The scenario with the most partitions or tables is still split for the time field. In this section, we will talk about how to better split based on the time field. According to the implementation methods of year, month and day dimensions and some details.

First, take the year as the dimension to split

The selection of date field splitting granularity is closely related to business retrieval requests. For example, if the data is kept for 10 years and each query is based on a specific year as the filter condition, it is certainly best to split by year.
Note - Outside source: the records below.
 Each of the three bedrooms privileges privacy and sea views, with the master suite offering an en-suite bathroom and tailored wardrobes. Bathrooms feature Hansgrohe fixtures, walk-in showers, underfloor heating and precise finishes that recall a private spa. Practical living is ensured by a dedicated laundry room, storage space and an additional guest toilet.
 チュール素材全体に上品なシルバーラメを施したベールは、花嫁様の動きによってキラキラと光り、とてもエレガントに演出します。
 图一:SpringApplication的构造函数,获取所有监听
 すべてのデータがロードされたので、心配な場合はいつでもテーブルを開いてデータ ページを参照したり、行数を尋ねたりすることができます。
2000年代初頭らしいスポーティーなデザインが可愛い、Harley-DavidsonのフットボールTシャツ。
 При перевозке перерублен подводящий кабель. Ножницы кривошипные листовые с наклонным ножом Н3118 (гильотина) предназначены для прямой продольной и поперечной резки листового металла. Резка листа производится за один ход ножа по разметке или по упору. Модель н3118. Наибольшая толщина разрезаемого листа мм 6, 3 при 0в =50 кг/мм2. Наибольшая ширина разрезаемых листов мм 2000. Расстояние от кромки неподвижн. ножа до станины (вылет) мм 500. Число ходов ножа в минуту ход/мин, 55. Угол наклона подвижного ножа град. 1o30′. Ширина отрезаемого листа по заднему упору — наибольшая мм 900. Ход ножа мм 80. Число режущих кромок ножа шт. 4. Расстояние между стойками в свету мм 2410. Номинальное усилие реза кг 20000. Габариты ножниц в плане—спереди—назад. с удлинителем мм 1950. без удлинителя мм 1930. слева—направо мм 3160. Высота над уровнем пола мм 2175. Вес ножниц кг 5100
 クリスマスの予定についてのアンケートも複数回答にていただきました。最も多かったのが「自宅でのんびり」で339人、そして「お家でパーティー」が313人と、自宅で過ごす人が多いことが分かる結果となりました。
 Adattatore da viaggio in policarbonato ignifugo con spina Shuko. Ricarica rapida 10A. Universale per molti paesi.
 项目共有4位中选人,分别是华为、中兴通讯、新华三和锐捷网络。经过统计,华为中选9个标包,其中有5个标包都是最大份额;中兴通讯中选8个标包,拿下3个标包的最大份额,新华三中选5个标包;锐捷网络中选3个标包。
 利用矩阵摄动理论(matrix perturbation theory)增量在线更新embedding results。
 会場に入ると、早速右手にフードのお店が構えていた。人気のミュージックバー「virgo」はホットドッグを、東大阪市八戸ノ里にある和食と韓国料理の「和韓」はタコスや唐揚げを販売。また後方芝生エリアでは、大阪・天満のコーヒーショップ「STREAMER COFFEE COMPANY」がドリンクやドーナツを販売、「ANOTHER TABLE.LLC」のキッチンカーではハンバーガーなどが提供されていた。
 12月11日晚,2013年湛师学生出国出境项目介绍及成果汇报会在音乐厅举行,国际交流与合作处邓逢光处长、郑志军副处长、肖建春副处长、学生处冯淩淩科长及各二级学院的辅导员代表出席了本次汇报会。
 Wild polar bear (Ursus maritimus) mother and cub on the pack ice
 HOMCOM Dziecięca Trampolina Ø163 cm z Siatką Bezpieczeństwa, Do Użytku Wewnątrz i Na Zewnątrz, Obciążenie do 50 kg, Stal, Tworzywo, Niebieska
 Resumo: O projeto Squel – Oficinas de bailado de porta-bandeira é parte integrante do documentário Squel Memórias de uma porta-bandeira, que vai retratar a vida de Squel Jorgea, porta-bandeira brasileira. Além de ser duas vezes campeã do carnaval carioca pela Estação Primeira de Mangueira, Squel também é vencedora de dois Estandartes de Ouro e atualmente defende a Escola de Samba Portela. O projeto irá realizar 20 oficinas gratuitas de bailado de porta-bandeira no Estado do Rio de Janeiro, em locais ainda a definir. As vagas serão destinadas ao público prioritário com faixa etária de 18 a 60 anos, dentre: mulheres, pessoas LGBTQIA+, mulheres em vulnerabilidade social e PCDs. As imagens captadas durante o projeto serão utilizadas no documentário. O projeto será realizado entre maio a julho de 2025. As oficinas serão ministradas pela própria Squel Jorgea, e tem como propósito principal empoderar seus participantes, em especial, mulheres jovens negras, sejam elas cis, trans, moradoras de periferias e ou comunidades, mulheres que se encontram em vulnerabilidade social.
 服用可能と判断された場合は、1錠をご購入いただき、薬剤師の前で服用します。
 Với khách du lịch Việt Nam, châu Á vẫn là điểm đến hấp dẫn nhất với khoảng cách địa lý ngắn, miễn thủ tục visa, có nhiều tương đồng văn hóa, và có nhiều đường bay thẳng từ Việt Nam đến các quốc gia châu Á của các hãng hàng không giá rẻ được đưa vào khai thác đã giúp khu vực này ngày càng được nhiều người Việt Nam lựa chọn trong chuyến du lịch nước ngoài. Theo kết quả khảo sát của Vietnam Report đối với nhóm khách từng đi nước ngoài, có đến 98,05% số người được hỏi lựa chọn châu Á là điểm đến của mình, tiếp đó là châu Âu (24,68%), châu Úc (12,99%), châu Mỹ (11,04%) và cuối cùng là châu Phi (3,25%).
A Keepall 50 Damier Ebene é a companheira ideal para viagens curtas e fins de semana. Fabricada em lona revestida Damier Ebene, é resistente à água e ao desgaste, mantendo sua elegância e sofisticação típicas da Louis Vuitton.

For example, the following SQL:

select * from ytt_pt1 where log_date >='2018-01-01' and log_date < '2019-01-01';

Let's take a look at the actual example of splitting by year: table ytt_pt1, including 1000W records, and the partition table is established with the granularity of year.

mysql> create table ytt_pt1(id bigint, log_date date);
Query OK, 0 rows affected (0.18 sec)

mysql> insert into ytt_pt1 select id,log_date from ytt_p1 limit 10000000;
Query OK, 10000000 rows affected (3 min 49.53 sec)
Records: 10000000  Duplicates: 0  Warnings: 0

mysql> ALTER TABLE ytt_pt1 PARTITION BY RANGE (year(log_date))
    -> (
    -> PARTITION p0001 VALUES LESS THAN (2012),
    -> PARTITION p0002 VALUES LESS THAN (2013),
    -> PARTITION p0003 VALUES LESS THAN (2014),
    -> PARTITION p0004 VALUES LESS THAN (2015),
    -> PARTITION p0005 VALUES LESS THAN (2016),
    -> PARTITION p0006 VALUES LESS THAN (2017),
    -> PARTITION p0007 VALUES LESS THAN (2018),
    -> PARTITION p0008 VALUES LESS THAN (2019),
    -> PARTITION p0009 VALUES LESS THAN (2020),
    -> PARTITION p0010 VALUES LESS THAN (2021),
    -> PARTITION p_max VALUES LESS THAN (maxvalue)
    -> );
Query OK, 10000000 rows affected (2 min 33.31 sec)
Records: 10000000  Duplicates: 0  Warnings: 0

Let's look at the query effect by year: the following SQL directly goes to partition p0008, and the query time is 0.91 seconds. This time is not short. In the later stage, you can add filter conditions to reduce the query time.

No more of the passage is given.